* _What needs to be done_: Give the entries again in full. Nothing may be altered.

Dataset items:

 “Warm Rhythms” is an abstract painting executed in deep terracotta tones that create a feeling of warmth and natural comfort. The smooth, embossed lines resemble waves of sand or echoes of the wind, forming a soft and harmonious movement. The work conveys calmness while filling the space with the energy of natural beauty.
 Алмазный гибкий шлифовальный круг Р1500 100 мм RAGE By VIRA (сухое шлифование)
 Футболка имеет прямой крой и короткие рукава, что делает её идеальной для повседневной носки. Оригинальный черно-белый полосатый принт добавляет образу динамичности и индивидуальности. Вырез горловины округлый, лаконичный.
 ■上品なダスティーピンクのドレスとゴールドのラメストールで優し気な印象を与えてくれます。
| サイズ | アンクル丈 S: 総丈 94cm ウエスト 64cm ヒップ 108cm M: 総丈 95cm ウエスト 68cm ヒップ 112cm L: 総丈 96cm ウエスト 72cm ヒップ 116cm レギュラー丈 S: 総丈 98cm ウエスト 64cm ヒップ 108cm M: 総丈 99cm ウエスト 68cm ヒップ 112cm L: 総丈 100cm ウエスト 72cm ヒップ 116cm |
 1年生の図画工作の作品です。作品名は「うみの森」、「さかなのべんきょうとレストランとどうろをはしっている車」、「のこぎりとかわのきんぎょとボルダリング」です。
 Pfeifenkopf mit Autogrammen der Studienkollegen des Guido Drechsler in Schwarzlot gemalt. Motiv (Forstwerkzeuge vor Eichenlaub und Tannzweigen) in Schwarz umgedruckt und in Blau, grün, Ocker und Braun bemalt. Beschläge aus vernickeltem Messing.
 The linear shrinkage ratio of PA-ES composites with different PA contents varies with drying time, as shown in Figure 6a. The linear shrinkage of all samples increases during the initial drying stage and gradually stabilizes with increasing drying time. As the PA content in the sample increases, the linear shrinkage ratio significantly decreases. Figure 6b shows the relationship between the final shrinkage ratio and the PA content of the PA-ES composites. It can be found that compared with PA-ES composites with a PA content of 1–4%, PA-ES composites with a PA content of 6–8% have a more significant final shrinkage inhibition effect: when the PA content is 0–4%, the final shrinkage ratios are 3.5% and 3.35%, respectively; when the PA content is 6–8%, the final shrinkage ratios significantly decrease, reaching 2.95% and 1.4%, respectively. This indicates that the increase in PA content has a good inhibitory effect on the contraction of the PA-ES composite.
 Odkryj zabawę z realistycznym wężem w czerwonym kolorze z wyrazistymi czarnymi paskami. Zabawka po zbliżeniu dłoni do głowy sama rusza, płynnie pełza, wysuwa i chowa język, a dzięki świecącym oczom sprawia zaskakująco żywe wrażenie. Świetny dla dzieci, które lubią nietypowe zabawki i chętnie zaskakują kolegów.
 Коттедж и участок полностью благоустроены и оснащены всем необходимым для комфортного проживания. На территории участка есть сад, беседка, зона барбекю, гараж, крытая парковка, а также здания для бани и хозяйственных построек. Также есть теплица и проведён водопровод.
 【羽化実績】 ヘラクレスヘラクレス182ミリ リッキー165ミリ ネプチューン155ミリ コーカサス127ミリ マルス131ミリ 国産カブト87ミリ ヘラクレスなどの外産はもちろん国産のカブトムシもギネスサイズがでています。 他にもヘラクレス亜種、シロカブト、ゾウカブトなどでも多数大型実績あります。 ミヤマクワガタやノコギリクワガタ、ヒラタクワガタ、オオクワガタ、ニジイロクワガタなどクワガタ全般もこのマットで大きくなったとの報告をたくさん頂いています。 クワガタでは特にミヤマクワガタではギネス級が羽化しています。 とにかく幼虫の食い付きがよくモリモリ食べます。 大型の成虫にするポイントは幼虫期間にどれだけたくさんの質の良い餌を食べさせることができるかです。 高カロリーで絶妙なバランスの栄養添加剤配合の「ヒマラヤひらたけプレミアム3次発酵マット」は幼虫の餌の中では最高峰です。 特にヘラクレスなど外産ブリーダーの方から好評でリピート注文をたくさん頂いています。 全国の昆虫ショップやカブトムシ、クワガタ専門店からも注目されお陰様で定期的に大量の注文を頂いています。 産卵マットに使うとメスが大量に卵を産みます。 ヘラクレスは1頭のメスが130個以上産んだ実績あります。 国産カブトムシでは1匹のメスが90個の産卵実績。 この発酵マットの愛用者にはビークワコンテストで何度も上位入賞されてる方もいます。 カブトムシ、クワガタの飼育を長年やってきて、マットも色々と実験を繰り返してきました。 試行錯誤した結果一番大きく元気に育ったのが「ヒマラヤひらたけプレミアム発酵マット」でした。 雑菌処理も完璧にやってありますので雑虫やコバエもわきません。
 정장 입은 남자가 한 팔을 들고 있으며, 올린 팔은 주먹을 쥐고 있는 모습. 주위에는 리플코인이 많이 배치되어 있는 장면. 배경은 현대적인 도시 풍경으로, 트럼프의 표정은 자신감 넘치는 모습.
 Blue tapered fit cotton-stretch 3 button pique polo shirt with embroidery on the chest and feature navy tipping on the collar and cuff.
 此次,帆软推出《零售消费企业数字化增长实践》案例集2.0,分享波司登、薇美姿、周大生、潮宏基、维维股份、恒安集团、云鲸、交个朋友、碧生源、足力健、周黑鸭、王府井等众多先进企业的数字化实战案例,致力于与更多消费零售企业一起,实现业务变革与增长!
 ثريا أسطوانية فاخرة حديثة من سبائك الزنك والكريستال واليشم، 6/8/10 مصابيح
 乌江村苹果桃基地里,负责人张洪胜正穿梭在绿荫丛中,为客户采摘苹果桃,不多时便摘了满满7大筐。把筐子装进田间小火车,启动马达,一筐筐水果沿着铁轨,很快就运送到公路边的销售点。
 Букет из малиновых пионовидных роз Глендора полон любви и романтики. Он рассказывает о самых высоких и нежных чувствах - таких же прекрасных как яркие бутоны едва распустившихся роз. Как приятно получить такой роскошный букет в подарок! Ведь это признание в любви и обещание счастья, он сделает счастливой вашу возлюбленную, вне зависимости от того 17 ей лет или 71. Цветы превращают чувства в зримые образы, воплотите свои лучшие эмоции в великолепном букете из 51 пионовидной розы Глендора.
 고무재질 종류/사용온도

* _Result of the exercise_:
 “Warm Rhythms” is an abstract painting executed in deep terracotta tones that create a feeling of warmth and natural comfort. The smooth, embossed lines resemble waves of sand or echoes of the wind, forming a soft and harmonious movement. The work conveys calmness while filling the space with the energy of natural beauty.
 Алмазный гибкий шлифовальный круг Р1500 100 мм RAGE By VIRA (сухое шлифование)
 Футболка имеет прямой крой и короткие рукава, что делает её идеальной для повседневной носки. Оригинальный черно-белый полосатый принт добавляет образу динамичности и индивидуальности. Вырез горловины округлый, лаконичный.
 ■上品なダスティーピンクのドレスとゴールドのラメストールで優し気な印象を与えてくれます。
| サイズ | アンクル丈 S: 総丈 94cm ウエスト 64cm ヒップ 108cm M: 総丈 95cm ウエスト 68cm ヒップ 112cm L: 総丈 96cm ウエスト 72cm ヒップ 116cm レギュラー丈 S: 総丈 98cm ウエスト 64cm ヒップ 108cm M: 総丈 99cm ウエスト 68cm ヒップ 112cm L: 総丈 100cm ウエスト 72cm ヒップ 116cm |
 1年生の図画工作の作品です。作品名は「うみの森」、「さかなのべんきょうとレストランとどうろをはしっている車」、「のこぎりとかわのきんぎょとボルダリング」です。
 Pfeifenkopf mit Autogrammen der Studienkollegen des Guido Drechsler in Schwarzlot gemalt. Motiv (Forstwerkzeuge vor Eichenlaub und Tannzweigen) in Schwarz umgedruckt und in Blau, grün, Ocker und Braun bemalt. Beschläge aus vernickeltem Messing.
 The linear shrinkage ratio of PA-ES composites with different PA contents varies with drying time, as shown in Figure 6a. The linear shrinkage of all samples increases during the initial drying stage and gradually stabilizes with increasing drying time. As the PA content in the sample increases, the linear shrinkage ratio significantly decreases. Figure 6b shows the relationship between the final shrinkage ratio and the PA content of the PA-ES composites. It can be found that compared with PA-ES composites with a PA content of 1–4%, PA-ES composites with a PA content of 6–8% have a more significant final shrinkage inhibition effect: when the PA content is 0–4%, the final shrinkage ratios are 3.5% and 3.35%, respectively; when the PA content is 6–8%, the final shrinkage ratios significantly decrease, reaching 2.95% and 1.4%, respectively. This indicates that the increase in PA content has a good inhibitory effect on the contraction of the PA-ES composite.
 Odkryj zabawę z realistycznym wężem w czerwonym kolorze z wyrazistymi czarnymi paskami. Zabawka po zbliżeniu dłoni do głowy sama rusza, płynnie pełza, wysuwa i chowa język, a dzięki świecącym oczom sprawia zaskakująco żywe wrażenie. Świetny dla dzieci, które lubią nietypowe zabawki i chętnie zaskakują kolegów.
 Коттедж и участок полностью благоустроены и оснащены всем необходимым для комфортного проживания. На территории участка есть сад, беседка, зона барбекю, гараж, крытая парковка, а также здания для бани и хозяйственных построек. Также есть теплица и проведён водопровод.
 【羽化実績】 ヘラクレスヘラクレス182ミリ リッキー165ミリ ネプチューン155ミリ コーカサス127ミリ マルス131ミリ 国産カブト87ミリ ヘラクレスなどの外産はもちろん国産のカブトムシもギネスサイズがでています。 他にもヘラクレス亜種、シロカブト、ゾウカブトなどでも多数大型実績あります。 ミヤマクワガタやノコギリクワガタ、ヒラタクワガタ、オオクワガタ、ニジイロクワガタなどクワガタ全般もこのマットで大きくなったとの報告をたくさん頂いています。 クワガタでは特にミヤマクワガタではギネス級が羽化しています。 とにかく幼虫の食い付きがよくモリモリ食べます。 大型の成虫にするポイントは幼虫期間にどれだけたくさんの質の良い餌を食べさせることができるかです。 高カロリーで絶妙なバランスの栄養添加剤配合の「ヒマラヤひらたけプレミアム3次発酵マット」は幼虫の餌の中では最高峰です。 特にヘラクレスなど外産ブリーダーの方から好評でリピート注文をたくさん頂いています。 全国の昆虫ショップやカブトムシ、クワガタ専門店からも注目されお陰様で定期的に大量の注文を頂いています。 産卵マットに使うとメスが大量に卵を産みます。 ヘラクレスは1頭のメスが130個以上産んだ実績あります。 国産カブトムシでは1匹のメスが90個の産卵実績。 この発酵マットの愛用者にはビークワコンテストで何度も上位入賞されてる方もいます。 カブトムシ、クワガタの飼育を長年やってきて、マットも色々と実験を繰り返してきました。 試行錯誤した結果一番大きく元気に育ったのが「ヒマラヤひらたけプレミアム発酵マット」でした。 雑菌処理も完璧にやってありますので雑虫やコバエもわきません。
 정장 입은 남자가 한 팔을 들고 있으며, 올린 팔은 주먹을 쥐고 있는 모습. 주위에는 리플코인이 많이 배치되어 있는 장면. 배경은 현대적인 도시 풍경으로, 트럼프의 표정은 자신감 넘치는 모습.
 Blue tapered fit cotton-stretch 3 button pique polo shirt with embroidery on the chest and feature navy tipping on the collar and cuff.
 此次,帆软推出《零售消费企业数字化增长实践》案例集2.0,分享波司登、薇美姿、周大生、潮宏基、维维股份、恒安集团、云鲸、交个朋友、碧生源、足力健、周黑鸭、王府井等众多先进企业的数字化实战案例,致力于与更多消费零售企业一起,实现业务变革与增长!
 ثريا أسطوانية فاخرة حديثة من سبائك الزنك والكريستال واليشم، 6/8/10 مصابيح
 乌江村苹果桃基地里,负责人张洪胜正穿梭在绿荫丛中,为客户采摘苹果桃,不多时便摘了满满7大筐。把筐子装进田间小火车,启动马达,一筐筐水果沿着铁轨,很快就运送到公路边的销售点。
 Букет из малиновых пионовидных роз Глендора полон любви и романтики. Он рассказывает о самых высоких и нежных чувствах - таких же прекрасных как яркие бутоны едва распустившихся роз. Как приятно получить такой роскошный букет в подарок! Ведь это признание в любви и обещание счастья, он сделает счастливой вашу возлюбленную, вне зависимости от того 17 ей лет или 71. Цветы превращают чувства в зримые образы, воплотите свои лучшие эмоции в великолепном букете из 51 пионовидной розы Глендора.
 고무재질 종류/사용온도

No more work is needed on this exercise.